Name: Abhishek Mittal
Email: abhishekmittaliiit@gmail.com
IM networks/handle(s): darkdragon09
Web Page: https://web.iiit.ac.in/~abhishek.mittal/
Portfolio: http://54.148.146.38/
Resume: https://web.iiit.ac.in/~abhishek.mittal/abhi_resume.pdf
Location: Hyderabad (Telangana), India
Typical working hours: 40 hours/week

Possible Mentors

@Yaron_Koren, @Nemo_bis, @Nikerabbit

Introduction

Hi, I am Abhishek Mittal. Currently, I am in 4th year, pursuing B.Tech in CSE from International Institute of Information Technology Hyderabad. I would like to spend this summer working as part of MediaWiki Development team and contribute my bit in the development of the project.

Synopsis

The aim of the project is to add multilingual-capabilities to Semantic MediaWiki, such that it supports various languages out of the box, thus removing the overhead of configurations that are required to make MediaWiki multilingual. Thus the new Semantic MediaWiki would be now MultiLingual Semantic MediaWiki as demonstrated in the following links :-

  1. http://tieteentermipankki.fi/
  2. http://sanat.csc.fi/

This would make the process of creating new multilingual semantic Wiki’s faster and easier and also make Wiki’s more easily reachable to people of different language groups.

Deliverables

This project has a number of intricacies involved and the completion of the project in the given time seems to be a bit difficult. Therefore, my major focus would be deliver and develop modules that are easily integrable with the SMW core. The goal of the project is to develop a technique such that properties can be made multilingual. The idea suggested by @mwjames is to introduce a monolingual texttype which would allow to annotate a property with different labels in different languages such as [[Has property label::en:Foo]] [[Has property label::ja:テスト]] etc., which happens entirely within the property namespace. Here "Has property label" is the monolingual texttype used for annotations.

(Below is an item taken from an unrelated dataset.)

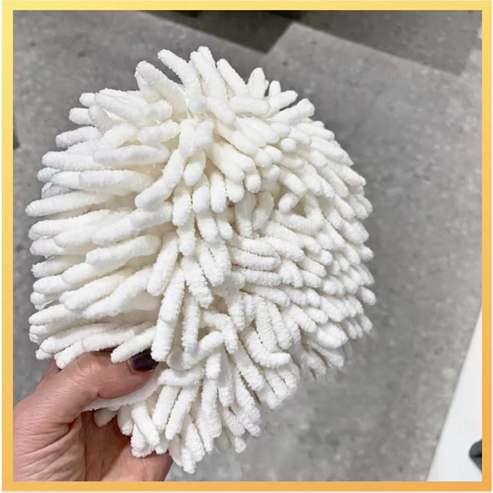 - Vải hai mặt làm từ sợi chenille dài, xoa nhẹ, bàn tay ướt sẽ khô ngay lập tức. Chỉ trong vài giây, hơi ẩm giữa các ngón tay nhanh chóng được hút sạch bởi quả cầu. Chất liệu polyurethane hút nước tích hợp với Khả năng đàn hồi cao và độ bền kéo tuyệt vời, độ hút nước lên đến 400ml.

Now a query can be created to lookup the correct label for a property using PropertyLabelLanguageFallbackLookup which is injected into the PropertyLabelFinder.

Since all Phases are independent, my main focus would be Phase 3 of the project and would spend considerable time finishing it.

Key Deliverables

  • Code for a monolingual texttype which would allow to annotate a property with different labels
  • Documentation of technique used
  • Demonstration video of the multilingual capabilities of the project

Detailed Project Description and Plan of Action

In order to make SMW multilingual, we need to do the following steps :-

Phase 1. Enhance Features

Enhance Special:CreateForm and friends (all the Special:Create* special pages by Semantic Forms) to create forms that are already i18n -ed (localized), with placeholders and message group for the Translate extension.

The main components of Semantic Forms functionality are form definition pages, which exist in a new namespace, 'Form:'. These are pages consisting of markup code which gets parsed when a user goes to add or edit data. Since forms are defined strictly through these definition pages, users can themselves create and edit forms, without the need for any actual programming.

The Semantic Forms extension enforces the use of templates in creating semantic data. It does not support direct semantic markup in data pages; instead, all the semantic markup is meant to be stored indirectly through templates. A form allows a user to populate a pre-defined set of templates and sections for a page (behind the scenes, the template data is turned into semantic properties once the page is saved).

Subtask 1. We need to extend semantic forms, by extending the templates, such that option to translate property names is provided to the users creating the form. A separate module that provides the interface, perhaps a button, that can be put against each property name, can be written in order to make the translation process easier. This button would work similarly as the translate link works at the top of page.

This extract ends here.